Defender of the Truth
Hello. I am looking for people who speak the following languages: Konkani, Marathi, Gujarati, Oriya, Punjabi, Romanian, Tamil, Malayalam, Telugu, Kannada, Japanese, Bodo, Inuit, Basque, Hawaiian, Chinese, Icelandic, Portuguese, Bengali, Urdu, Arabic, Armenian, Swahili, Tulu, Thai, Malay, Vietnamese, Tagalog, Navajo, Danish, Norwegian, Finnish, Swedish, Turkish, Dutch, German, Italian, Russian, Indonesian, Amharic, Serbian, Kurdish, Assamese, Lakota, Burushaski, Esperanto, Korean, Farsi, Hindi, Nepali, Dogri, Hebrew, Albanian, Kashmiri, Latin, Greek, and Sanskrit.
 

Koldo

Outstanding Member
Hello. I am looking for people who speak the following languages: Konkani, Marathi, Gujarati, Oriya, Punjabi, Romanian, Tamil, Malayalam, Telugu, Kannada, Japanese, Bodo, Inuit, Basque, Hawaiian, Chinese, Icelandic, Portuguese, Bengali, Urdu, Arabic, Armenian, Swahili, Tulu, Thai, Malay, Vietnamese, Tagalog, Navajo, Danish, Norwegian, Finnish, Swedish, Turkish, Dutch, German, Italian, Russian, Indonesian, Amharic, Serbian, Kurdish, Assamese, Lakota, Burushaski, Esperanto, Korean, Farsi, Hindi, Nepali, Dogri, Hebrew, Albanian, Kashmiri, Latin, Greek, and Sanskrit.

What a long list....
What is this about?
 

Valjean

Veteran Member
Premium Member
LOL -- Several in your list are mutually intelligible, a couple the same language, and one of them is two + different languages.
 

Levite

Higher and Higher
Hello. I am looking for people who speak the following languages: Konkani, Marathi, Gujarati, Oriya, Punjabi, Romanian, Tamil, Malayalam, Telugu, Kannada, Japanese, Bodo, Inuit, Basque, Hawaiian, Chinese, Icelandic, Portuguese, Bengali, Urdu, Arabic, Armenian, Swahili, Tulu, Thai, Malay, Vietnamese, Tagalog, Navajo, Danish, Norwegian, Finnish, Swedish, Turkish, Dutch, German, Italian, Russian, Indonesian, Amharic, Serbian, Kurdish, Assamese, Lakota, Burushaski, Esperanto, Korean, Farsi, Hindi, Nepali, Dogri, Hebrew, Albanian, Kashmiri, Latin, Greek, and Sanskrit.

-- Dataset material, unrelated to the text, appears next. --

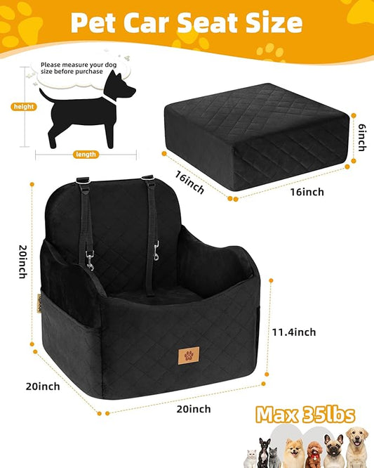 Car Seat Booster for Dog: High-Support Memory Foam Pet Car Seat for Small/Medium Dogs Under 35lbs with Elevated Cushion - Detachable Washable Puppy Travel Bed for Driving with Pockets (Black)

Whoa, dude. You want to learn all of those languages?! You must have a lot of time and money on your hands.

I took Hebrew classes from a young age, but still only achieved real fluency after taking advanced grammar and literature courses in rabbinical school, and living in Israel for a year. Aramaic was easier to pick up, but only because I was alreay nearly fluent in Hebrew, and Aramaic uses the same alphabet and is a close sister language.

Similarly, I taught myself Middle English and Anglo-Saxon, just by picking up a couple of grammars and a lot of literature, and piecing it together over the course of a year or so. But of course, I already knew English in its modern and its Elizabethan forms, and I had some Latin, and a bit of Yiddish (which is at least half Middle High German), which made it much easier going.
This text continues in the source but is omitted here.